- _What is required_
When you write out the listing below, keep each word exactly as it stands and drop the pictures.

- _Recorded data_
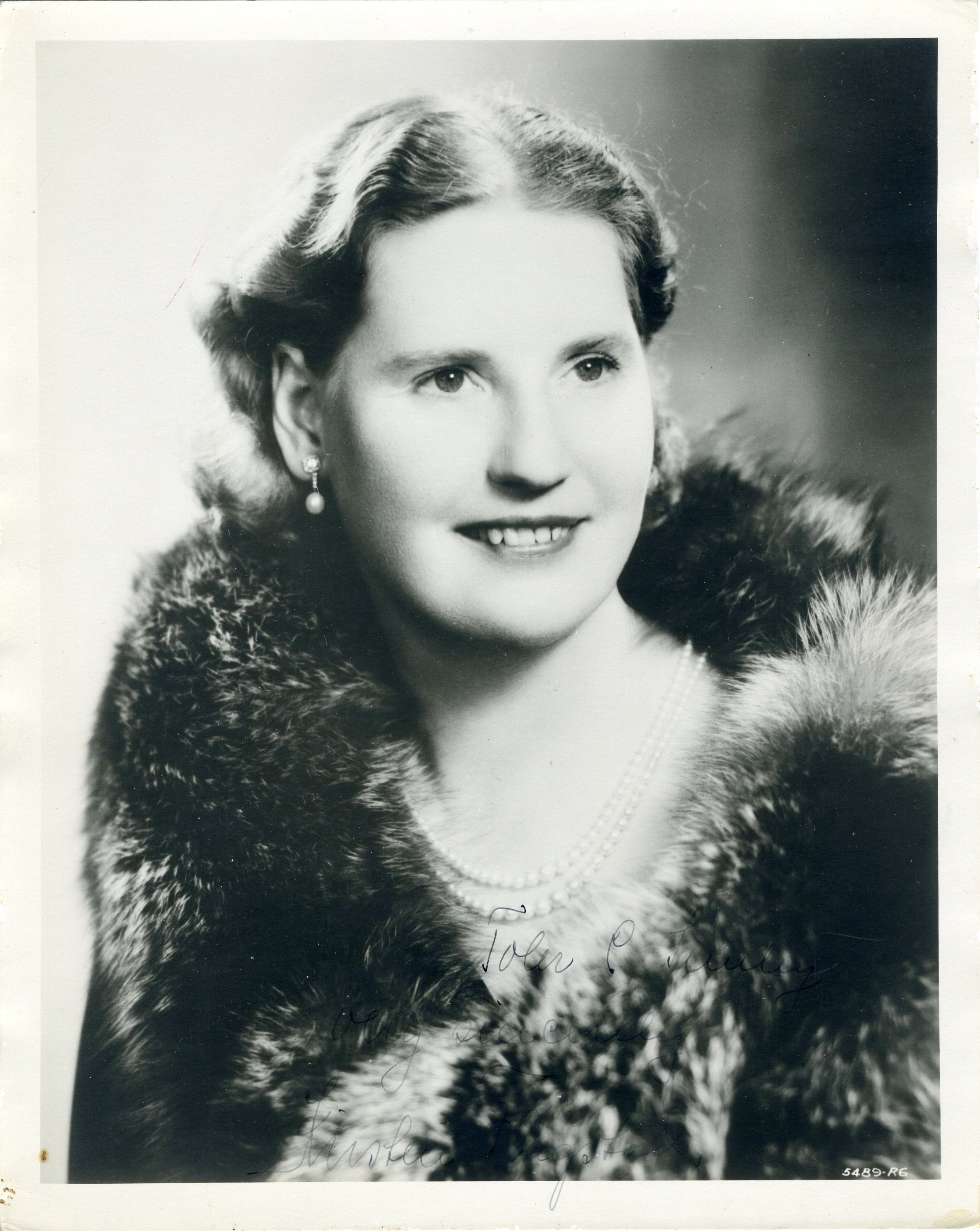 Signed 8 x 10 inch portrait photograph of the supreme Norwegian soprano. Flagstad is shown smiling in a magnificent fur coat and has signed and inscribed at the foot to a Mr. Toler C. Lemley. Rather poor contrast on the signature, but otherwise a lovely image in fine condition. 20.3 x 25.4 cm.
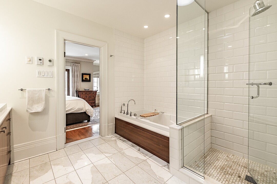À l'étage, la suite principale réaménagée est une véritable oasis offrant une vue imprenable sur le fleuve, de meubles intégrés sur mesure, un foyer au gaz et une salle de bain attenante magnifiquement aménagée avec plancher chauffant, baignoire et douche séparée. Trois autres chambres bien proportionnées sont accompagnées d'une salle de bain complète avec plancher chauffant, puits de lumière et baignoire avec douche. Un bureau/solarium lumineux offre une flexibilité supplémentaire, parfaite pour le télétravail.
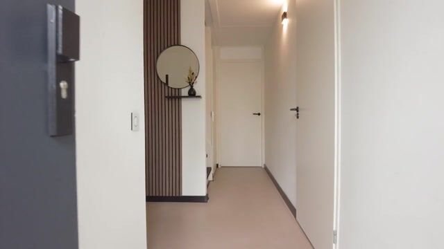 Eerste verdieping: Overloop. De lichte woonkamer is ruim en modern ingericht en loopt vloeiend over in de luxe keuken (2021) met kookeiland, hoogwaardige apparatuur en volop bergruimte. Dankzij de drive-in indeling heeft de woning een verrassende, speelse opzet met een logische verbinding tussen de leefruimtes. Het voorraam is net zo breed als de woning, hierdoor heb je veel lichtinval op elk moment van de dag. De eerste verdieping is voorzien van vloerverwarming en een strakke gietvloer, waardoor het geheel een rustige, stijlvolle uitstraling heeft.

- _Response to this task_
 Signed 8 x 10 inch portrait photograph of the supreme Norwegian soprano. Flagstad is shown smiling in a magnificent fur coat and has signed and inscribed at the foot to a Mr. Toler C. Lemley. Rather poor contrast on the signature, but otherwise a lovely image in fine condition. 20.3 x 25.4 cm.
À l'étage, la suite principale réaménagée est une véritable oasis offrant une vue imprenable sur le fleuve, de meubles intégrés sur mesure, un foyer au gaz et une salle de bain attenante magnifiquement aménagée avec plancher chauffant, baignoire et douche séparée. Trois autres chambres bien proportionnées sont accompagnées d'une salle de bain complète avec plancher chauffant, puits de lumière et baignoire avec douche. Un bureau/solarium lumineux offre une flexibilité supplémentaire, parfaite pour le télétravail.
 Eerste verdieping: Overloop. De lichte woonkamer is ruim en modern ingericht en loopt vloeiend over in de luxe keuken (2021) met kookeiland, hoogwaardige apparatuur en volop bergruimte. Dankzij de drive-in indeling heeft de woning een verrassende, speelse opzet met een logische verbinding tussen de leefruimtes. Het voorraam is net zo breed als de woning, hierdoor heb je veel lichtinval op elk moment van de dag. De eerste verdieping is voorzien van vloerverwarming en een strakke gietvloer, waardoor het geheel een rustige, stijlvolle uitstraling heeft.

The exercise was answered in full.